Who Is Buying Bonds With Negative Yields? JPMorgan Answers

This in turn goes to address the first question - who was buying bonds as yields plumbed record lows, as it suggests that the bond rally in August was largely driven by VaR insensitive investors such as insurance companies and pension funds rather than VaR sensitive investors. The chart above also provides a partial answer to the second question, because according to JPMorgan, given how high bond volatility is at the moment, there is higher chance that bond volatility subsides rather than rises from here, pointing to lower likelihood of a VaR shock currently relative to last July.

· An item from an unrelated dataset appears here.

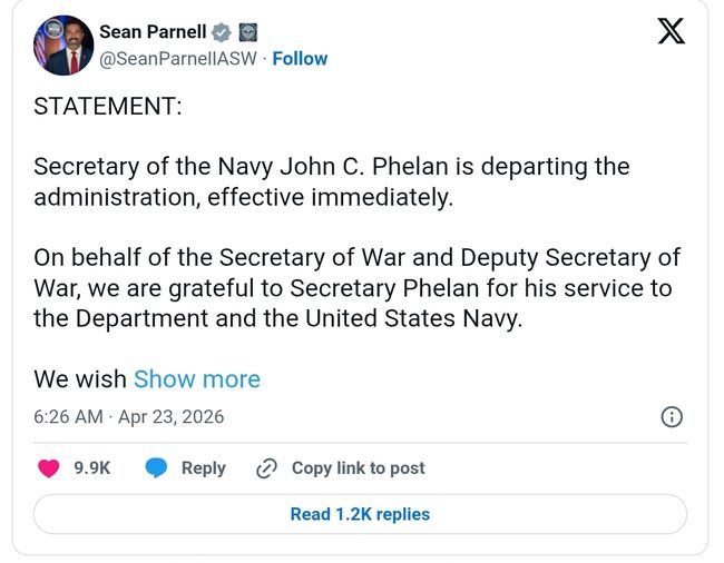 그는 "존 펠런은 똑똑하고 강인하며 모든 사람에게 존경받는 인물"이라며 "비록 해군 장관직에서 물러나기로 결정했지만, 나는 그가 해낸 일에 진심으로 감사드리며, 언젠가 트럼프 행정부에서 다시 함게 일할 수 있기를 바란다. 미국을 위해 헌신해 준 존에게 진심으로 감사드린다!"라고 덧붙였다.
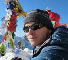 Brian Dickinson (born June 16, 1974) is a climber who soloed the summit of Mount Everest on May 15, 2011,[1] after his Sherpa mountain guide became ill and went back down to high camp (South Col, 26,000'). After taking some pictures and making a radio call, Brian began his descent, but within a few feet, he became snow blind. His vision did not fully return for over a month. His descent to high camp from the summit took over seven hours instead of the expected two to three hours. Brian ran out of oxygen on his descent but made it down to the South Col, where his guide met him to help him back to his tent. Brian holds the record for the highest solo blind descent.[2][3]

A second common feature of previous bond tantrums or VaR shocks was a rapid deterioration in market liquidity ahead of the shock. And sure enough, there is clear evidence of further deterioration by looking for example at JPM's market depthproxy for 10y UST futures shown in the next chart: "this market depth measure, based on the size of the tightest three bids and asks each day measured in number of contracts, has unwound this year much of the previous improvement seen during 2017 and 2018. And more recently this measure declined further posting a multiyear low in mid-August."

A third feature of previous bond tantrums or VaR shocks was position vulnerability by VaR sensitive investors such as hedge funds and asset managers including CTAs who are active participants in futures markets. Here, as Panigirtzoglou writes, telative to last July, the evidence on investor positioning is more mixed.

1) Movements between government bond yields and the HFRX Systematic Diversified CTA index have almost mirrored each over the past months and this continued to be the case in the most recent weeks. This is shown in the next figure, which depicts a CTA performance index against the average of 10y UST and Bund yields.

The CTA performance index spiked over the past months suggesting that CTAs have been increasingly benefiting from the bond rally, something we noted last week when we highlighted the stellar performance of CTA investors in 2019. A continued overhang of long duration positions by CTAs is also implied by JPM's momentum signals for 10y TSY and Bund futures as shown in Figure 4.

These momentum signals had been rising up until the end of August to high levels for USTs and very extreme levels for Bunds. The change in momentum over the past week or so has already started putting downward pressure on these momentum signals suggesting that CTAs and other trend following investors might come under pressure to reduce their very elevated bond positions, unless of course bonds get a fresh wind in their sails following Friday's surprisingly poor jobs report.

2) The evidence on real money managers is more mixed: JPM's European client survey, which tends to be less volatile and to exhibit clearer medium-term trends than its US counterpart, showed another large increase in the long duration exposures by our clients over the past month. The current long duration positioning based on the latest survey on August 29th is now matching the previous highs seen in April 2015 ahead of the Bund tantrum at the time.

Yet if one looks at the biggest active bond mutual fund managers relative to aggregate bond indices, a different picture emerges. The effective total duration of these bond managers declined in August as shown by Figure 6 and Figure 7, pointing to below rather than above average total duration exposure, especially in the US. This suggests that it is also possible that the rise in bond volatility in August put pressure on VaR-sensitive investors such as bond mutual fund managers to cut their duration positions last month. So if one combines Figure 5, Figure 6 and Figure 7 we conclude that real money managers are currently not as long duration as they were in July.